Nem sempre a convalescença proporciona o luxo da leitura ou das boas ideias literárias. Custa muito passar mal e é desgostoso ter de atravessar horas e horas em função do próprio mal-estar.
Foi mais ou menos assim que me vi convalescente, exausta, entediada, atenta e monotemática, impedida de escrever a crônica do mês dentro do prazo. Na virada do ano, sequestrada pelo aparato dos cuidados médicos pós-operatórios por conta de uma questão não grave nem aguda, mas também não desimportante, tive de fazer a passagem abraçada ao ceticismo. Velho amigo, velho inimigo.
Você sabe como se chama a flor branca que nos puxa para o futuro? O ceticismo abre a boca e diz que não há futuro, e muito em breve não haverá flores brancas. O ceticismo ri com a boca cheia de dentes. Laurie Anderson tem um poema sobre o nome das flores brancas.
Havendo seres sencientes, haverá poemas sobre o que nos empurra para o futuro, haverá ainda e apesar de tudo aceleração dos corpos que se sentem atraídos mutuamente, flores brancas cujo nome nos escapa, o sem sentido dos tempos.

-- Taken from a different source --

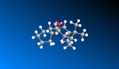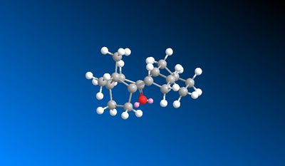 The two products of hydrogenation 3 and 4 (figure 1)were also defined and optimised. This gave energies of 154.22KJmol-1 and 130.34KJmol-1 respectively, this shows that 4 is the thermodynamic product. As can be seen in the table below, product 4 has lower values for all the contributions of stretching, bending, torsion and H-Bonding energy contributions. This is therfore the double bond in the norborene part of the ring is hydrogenated first under normal conditions, to give product 4. It then takes more forcing conditons to hydrogenate the double bond in the cyclopentane ring.

A distância entre a descrição médica de como tudo vai se passar no futuro e como tudo de fato se passa no presente pós-cirúrgico é sempre maior que a distância entre fato e ficção, superstição e realidade, mito e verdade, a intenção da escritora e o seu romance publicado.
Romances são maquetes, são modelos, dizia Barthes, são um tipo especial de simulação do mundo; já as descrições médicas são simulações das próprias descrições médicas, remetendo aos sonhos descritos em livros imaginados pela medicina. Por isso, talvez, a caligrafia médica seja frequentemente uma caligrafia de outra espécie, matéria onírica, como os nomes de fantasia, uma literatura para detetives, palavras com que as próprias palavras sonham em se vestir.
Das coisas que chamam atenção no ambiente hospitalar, o fato de os decoradores desses espaços terem achado razoável e até inteligente adotar a estética dos shoppings diz algo sobre nossa indigência. Há crematórios que também se esforçam por parecer shoppings, e é talvez por isso que alguns shoppings se pareçam tanto com o inferno.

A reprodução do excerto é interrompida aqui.